Ich straffte die Schultern und ging wieder auf ihn zu. „Aber jetzt ist Schluss mit dem Schattenboxen. Lass uns das zu Ende bringen.“

„Ja… Nach dem Ende kann sich nichts mehr verändern.“, sagte er so leise, dass ich ihn kaum verstand, dann ließ er sich mit einer fließenden Bewegung vom Dach fallen. Völlig lautlos landete Sasuke auf dem Pflaster und als er sich erhob, ließ er den Nacken kreisen wie vor einem Übungskampf unter Freunden. Sein eigentlich hübsches Lächeln war einer Fratze gleich, entstellt durch das getrocknete Blut und seine gebrochene Nase. „Wenn wir tot sind, werden wir für immer zusammen sein.“

Ich war so schockiert, dass mich Sasukes Fußstoß in die Magengrube ohne jede Gegenwehr über den halben Platz fegte. Taumelnd rappelte ich mich auf, den Arm an den Bauch gedrückt, und presste schmerzhaft hervor: „Verstehst… Verstehst du nicht, dass du alles kaputt gemacht hast?
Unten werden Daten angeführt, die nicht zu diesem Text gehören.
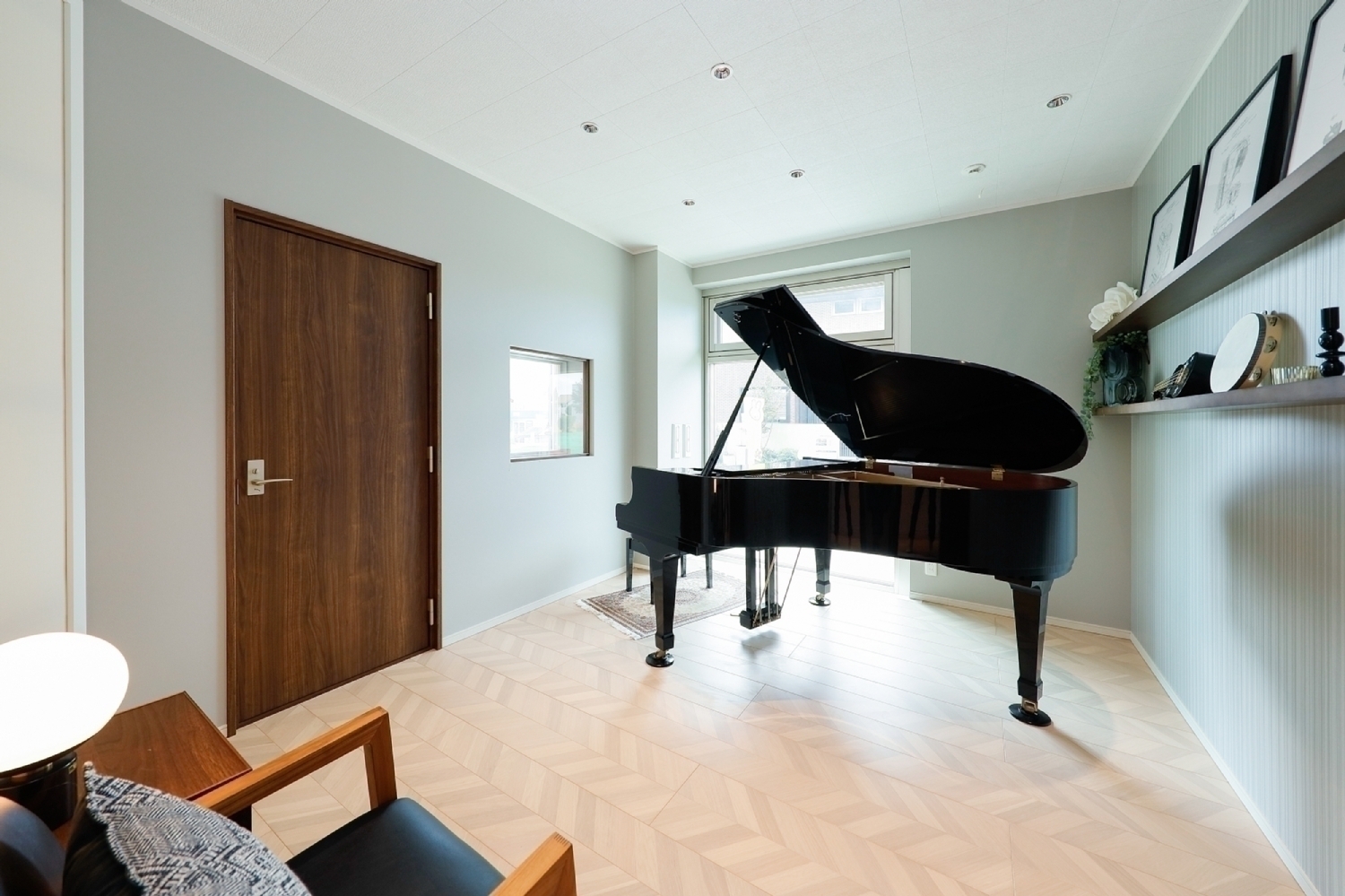 重量鉄骨造3階建て、1階にはボダムカフェ、2階には1LDKの賃貸部を設けた、店舗・賃貸併用住宅をご体感いただけます。その他1階の防音ルームにはグランドピアノを設置。3階のご自宅スペースではワイドスパンを活かしたパノラマビューも見どころです。2階建てのご相談も承っております。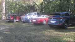 Friday morning at Tech Central with very good weather brings out a bunch of tech tinkering comrades, so parking is filling up fast. Before i could get the second picture I was shanghaied to check out this modern 4-door. The car is several years old, recently purchased from a legitimate car dealer. An odd electronic gadget is stuck on top of the battery, been there since the car purchase. Two connecting wires to the battery terminals for power and ground, and two more wires in a small plug-in connector which is not connected to anything. Also a picture of what may be an antenna symbol with a printed note, "This side up". Bit of a puzzle, looks like a possibly amplified antenna, possibly part of a GPS tracking device (which is not plugged in here)? Anyone have a better guess?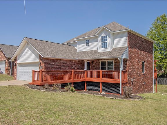 Very well kept 4 bedroom 2 bathroom home in the Champions Estates Subdivision, close to entertainment, restaurants, shopping and the Pinnacle Hills Business District! The primary bedroom is located conveniently on the first floor, with three additional bedrooms on the second level. Each room has so much storage! You’ll lose count of all the closets in this house! Home has updated tile in the wet areas and wood flooring in the living space and primary bedroom. Wonderful covered front porch! Great back deck with pergola for relaxing in the sun!

Du hast uns zerstört… Und ich lasse nicht zu, dass du meinem zu Hause dasselbe antust.“

Meine Wut wurde von meinen Tränen halb erstickt, trotzdem warf ich mich mit der Kraft der Verzweiflung auf Sasuke. Er blockte meinen Schlag knapp vor seinem Gesicht und presste sein ganzes Gewicht gegen meines. „ICH hätte dein zu Hause sein sollen.“, knurrte er und schleuderte uns auseinander.

Ich landete in einiger Entfernung auf den Beinen und öffnete meine Beintasche, um ein Shuriken daraus zu ziehen. Die kleine Waffe sah lächerlich aus im Vergleich zu Sasukes gezücktem Schwert, um dessen Klinge kreischendes Chakra pulste. Dessen ungeachtet warf ich mich ihm entgegen, schreiend, weil meine Waffe stumm war.

Es dauerte nicht lange, bis sie brach und ich mit einem Hechtsprung in eine Seitengasse flüchten musste, wo ich für einen Moment verschnaufte und versuchte, mir eine Strategie zu überlegen. Leider war ich darin noch nie sonderlich gut gewesen, sodass ich noch keine Idee hatte, als ich kurze Zeit später Sasukes Schritte auf der staubigen Straße hörte. Ich presste mich in einen Hauseingang und sah erneut hoch zu den Hokageköpfen.

Zwar hatte ich noch einige Shuriken, aber so würde ich nichts erreichen. Ich hatte mich dazu entschieden, zu kämpfen, also musste ich das jetzt auch tun. Ich atmete tief durch, dann formte ich die Fingerzeichen für einen Schattendoppelgänger. Wir sahen uns prüfend an, nickten uns zu und bildeten das Rasengan.

Ich sprang aus meinem Versteck… Und fand mich in der verwaisten Gasse wieder.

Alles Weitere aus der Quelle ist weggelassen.